#### EXERCISE MATERIAL
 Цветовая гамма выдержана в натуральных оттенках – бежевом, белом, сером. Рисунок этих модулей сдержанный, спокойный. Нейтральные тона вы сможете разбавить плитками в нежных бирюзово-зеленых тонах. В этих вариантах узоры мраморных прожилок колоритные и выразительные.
########
#### EXERCISE MATERIAL
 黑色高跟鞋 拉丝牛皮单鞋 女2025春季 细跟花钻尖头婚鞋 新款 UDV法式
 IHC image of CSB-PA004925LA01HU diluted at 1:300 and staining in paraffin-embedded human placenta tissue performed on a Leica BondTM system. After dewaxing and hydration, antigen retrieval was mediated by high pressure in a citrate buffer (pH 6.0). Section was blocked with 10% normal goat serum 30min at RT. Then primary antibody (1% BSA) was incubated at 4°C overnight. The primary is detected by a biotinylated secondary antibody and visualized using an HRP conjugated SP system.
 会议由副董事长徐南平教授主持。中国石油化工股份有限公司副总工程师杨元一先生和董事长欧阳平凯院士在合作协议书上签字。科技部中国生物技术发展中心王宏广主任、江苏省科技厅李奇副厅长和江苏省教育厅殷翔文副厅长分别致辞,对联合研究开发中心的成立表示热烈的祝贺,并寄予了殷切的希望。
########
HOW TO COMPLETE THIS TASK:
Retype exactly the span of lines from the one with "IHC image of" through the one with "会议由副董事长徐南平教授主持"; include both ends and omit the rest of the material.

RESPONSE BOX:
 IHC image of CSB-PA004925LA01HU diluted at 1:300 and staining in paraffin-embedded human placenta tissue performed on a Leica BondTM system. After dewaxing and hydration, antigen retrieval was mediated by high pressure in a citrate buffer (pH 6.0). Section was blocked with 10% normal goat serum 30min at RT. Then primary antibody (1% BSA) was incubated at 4°C overnight. The primary is detected by a biotinylated secondary antibody and visualized using an HRP conjugated SP system.
 会议由副董事长徐南平教授主持。中国石油化工股份有限公司副总工程师杨元一先生和董事长欧阳平凯院士在合作协议书上签字。科技部中国生物技术发展中心王宏广主任、江苏省科技厅李奇副厅长和江苏省教育厅殷翔文副厅长分别致辞,对联合研究开发中心的成立表示热烈的祝贺,并寄予了殷切的希望。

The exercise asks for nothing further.